◆ **Task to complete**
Of the lines below, write out exactly those from the line with "商品名は「獅白ぼたんとクリスマス闘night Ⅱ 30Φアケコンボタン(赤" through the line with "Liggende in palletbox, palletbox", both included, and skip the rest.
START The records
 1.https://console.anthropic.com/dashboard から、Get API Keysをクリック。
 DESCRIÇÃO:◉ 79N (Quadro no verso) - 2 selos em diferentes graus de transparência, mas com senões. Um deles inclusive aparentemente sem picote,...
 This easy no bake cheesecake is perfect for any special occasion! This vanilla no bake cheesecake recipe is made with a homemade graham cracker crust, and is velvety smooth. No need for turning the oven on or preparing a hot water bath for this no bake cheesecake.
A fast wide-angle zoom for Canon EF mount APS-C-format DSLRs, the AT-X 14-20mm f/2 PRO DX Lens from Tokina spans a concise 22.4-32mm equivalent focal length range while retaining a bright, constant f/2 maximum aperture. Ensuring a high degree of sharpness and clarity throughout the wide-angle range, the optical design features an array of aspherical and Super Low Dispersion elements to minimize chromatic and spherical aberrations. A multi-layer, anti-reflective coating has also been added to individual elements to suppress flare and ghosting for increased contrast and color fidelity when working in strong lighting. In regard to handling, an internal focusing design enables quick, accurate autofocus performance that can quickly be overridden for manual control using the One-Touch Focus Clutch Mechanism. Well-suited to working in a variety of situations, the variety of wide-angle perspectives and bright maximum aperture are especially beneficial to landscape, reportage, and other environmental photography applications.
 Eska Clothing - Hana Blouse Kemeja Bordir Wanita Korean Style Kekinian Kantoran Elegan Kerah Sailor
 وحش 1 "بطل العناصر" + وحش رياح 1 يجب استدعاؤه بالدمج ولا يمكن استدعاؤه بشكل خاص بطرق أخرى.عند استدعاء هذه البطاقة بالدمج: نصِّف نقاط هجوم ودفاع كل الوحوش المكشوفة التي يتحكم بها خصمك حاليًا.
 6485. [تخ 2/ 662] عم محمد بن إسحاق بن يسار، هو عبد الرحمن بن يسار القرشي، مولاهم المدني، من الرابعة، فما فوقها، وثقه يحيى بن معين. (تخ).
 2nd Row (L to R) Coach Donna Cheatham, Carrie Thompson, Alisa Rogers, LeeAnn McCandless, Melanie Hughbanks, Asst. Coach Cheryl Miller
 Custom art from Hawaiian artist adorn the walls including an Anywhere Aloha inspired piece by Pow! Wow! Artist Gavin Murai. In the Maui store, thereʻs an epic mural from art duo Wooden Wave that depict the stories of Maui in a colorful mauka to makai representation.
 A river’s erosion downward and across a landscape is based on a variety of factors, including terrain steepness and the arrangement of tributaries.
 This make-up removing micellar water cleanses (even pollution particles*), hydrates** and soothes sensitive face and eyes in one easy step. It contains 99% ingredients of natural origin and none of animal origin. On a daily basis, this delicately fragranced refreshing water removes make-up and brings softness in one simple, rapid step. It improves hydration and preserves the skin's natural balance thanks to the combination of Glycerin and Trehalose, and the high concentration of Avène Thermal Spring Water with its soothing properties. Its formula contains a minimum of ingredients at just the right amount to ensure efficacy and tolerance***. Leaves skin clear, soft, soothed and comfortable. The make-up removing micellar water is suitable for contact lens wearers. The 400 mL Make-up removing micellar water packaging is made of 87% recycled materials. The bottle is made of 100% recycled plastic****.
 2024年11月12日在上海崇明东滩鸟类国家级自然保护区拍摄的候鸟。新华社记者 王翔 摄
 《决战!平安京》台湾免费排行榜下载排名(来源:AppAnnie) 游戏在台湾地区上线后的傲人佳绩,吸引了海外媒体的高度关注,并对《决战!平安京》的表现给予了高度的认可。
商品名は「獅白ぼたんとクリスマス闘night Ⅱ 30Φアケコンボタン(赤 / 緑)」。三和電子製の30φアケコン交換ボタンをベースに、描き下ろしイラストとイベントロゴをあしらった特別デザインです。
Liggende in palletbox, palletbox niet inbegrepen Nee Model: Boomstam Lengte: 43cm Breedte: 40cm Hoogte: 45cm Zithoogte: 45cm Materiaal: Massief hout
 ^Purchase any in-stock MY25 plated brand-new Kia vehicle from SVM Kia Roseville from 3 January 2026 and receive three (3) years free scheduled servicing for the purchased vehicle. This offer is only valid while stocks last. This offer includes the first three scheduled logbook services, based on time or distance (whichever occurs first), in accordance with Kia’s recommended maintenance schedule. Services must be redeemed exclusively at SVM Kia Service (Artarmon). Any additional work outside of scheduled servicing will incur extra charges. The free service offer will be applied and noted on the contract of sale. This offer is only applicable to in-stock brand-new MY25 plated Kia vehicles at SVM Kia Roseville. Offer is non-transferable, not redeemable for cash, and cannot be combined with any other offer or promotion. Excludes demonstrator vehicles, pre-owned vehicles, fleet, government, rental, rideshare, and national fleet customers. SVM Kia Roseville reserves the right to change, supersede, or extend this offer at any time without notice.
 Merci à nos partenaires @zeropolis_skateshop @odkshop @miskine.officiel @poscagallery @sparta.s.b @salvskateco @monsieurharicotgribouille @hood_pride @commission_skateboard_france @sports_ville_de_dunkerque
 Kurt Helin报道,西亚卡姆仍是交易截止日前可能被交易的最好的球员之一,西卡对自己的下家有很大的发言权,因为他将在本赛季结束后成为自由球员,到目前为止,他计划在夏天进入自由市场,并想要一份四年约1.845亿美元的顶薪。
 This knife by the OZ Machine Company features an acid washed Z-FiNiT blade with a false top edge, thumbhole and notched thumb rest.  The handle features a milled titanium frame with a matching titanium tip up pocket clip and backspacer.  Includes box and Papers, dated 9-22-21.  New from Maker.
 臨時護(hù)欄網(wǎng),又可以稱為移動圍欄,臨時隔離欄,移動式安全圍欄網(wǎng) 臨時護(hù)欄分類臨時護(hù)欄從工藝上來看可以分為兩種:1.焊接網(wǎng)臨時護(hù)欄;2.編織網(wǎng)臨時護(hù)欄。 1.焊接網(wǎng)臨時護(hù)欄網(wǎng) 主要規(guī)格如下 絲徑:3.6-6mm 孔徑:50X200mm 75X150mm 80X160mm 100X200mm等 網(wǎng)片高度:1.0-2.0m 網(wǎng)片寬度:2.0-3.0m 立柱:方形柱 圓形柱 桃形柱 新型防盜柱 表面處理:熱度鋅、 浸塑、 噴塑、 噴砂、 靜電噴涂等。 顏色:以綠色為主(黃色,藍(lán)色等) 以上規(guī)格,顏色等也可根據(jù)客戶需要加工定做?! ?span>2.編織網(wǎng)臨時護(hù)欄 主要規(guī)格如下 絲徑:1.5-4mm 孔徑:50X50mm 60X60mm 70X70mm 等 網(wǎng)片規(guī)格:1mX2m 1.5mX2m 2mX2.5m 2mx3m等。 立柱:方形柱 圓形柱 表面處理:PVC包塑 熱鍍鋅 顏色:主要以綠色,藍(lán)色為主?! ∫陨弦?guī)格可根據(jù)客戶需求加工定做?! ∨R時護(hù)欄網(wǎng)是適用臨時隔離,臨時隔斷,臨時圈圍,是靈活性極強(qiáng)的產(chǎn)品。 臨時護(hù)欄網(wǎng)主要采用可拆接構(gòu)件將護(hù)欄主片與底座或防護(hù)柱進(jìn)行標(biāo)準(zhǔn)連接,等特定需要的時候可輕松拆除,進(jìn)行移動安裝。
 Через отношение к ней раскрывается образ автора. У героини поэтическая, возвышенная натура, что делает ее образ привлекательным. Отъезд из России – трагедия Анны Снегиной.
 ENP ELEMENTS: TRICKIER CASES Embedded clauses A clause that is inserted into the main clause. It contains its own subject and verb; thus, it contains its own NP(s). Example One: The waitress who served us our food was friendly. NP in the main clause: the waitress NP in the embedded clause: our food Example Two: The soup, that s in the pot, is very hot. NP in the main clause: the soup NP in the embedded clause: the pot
END The records
◆ **Reply**
商品名は「獅白ぼたんとクリスマス闘night Ⅱ 30Φアケコンボタン(赤 / 緑)」。三和電子製の30φアケコン交換ボタンをベースに、描き下ろしイラストとイベントロゴをあしらった特別デザインです。
Liggende in palletbox, palletbox niet inbegrepen Nee Model: Boomstam Lengte: 43cm Breedte: 40cm Hoogte: 45cm Zithoogte: 45cm Materiaal: Massief hout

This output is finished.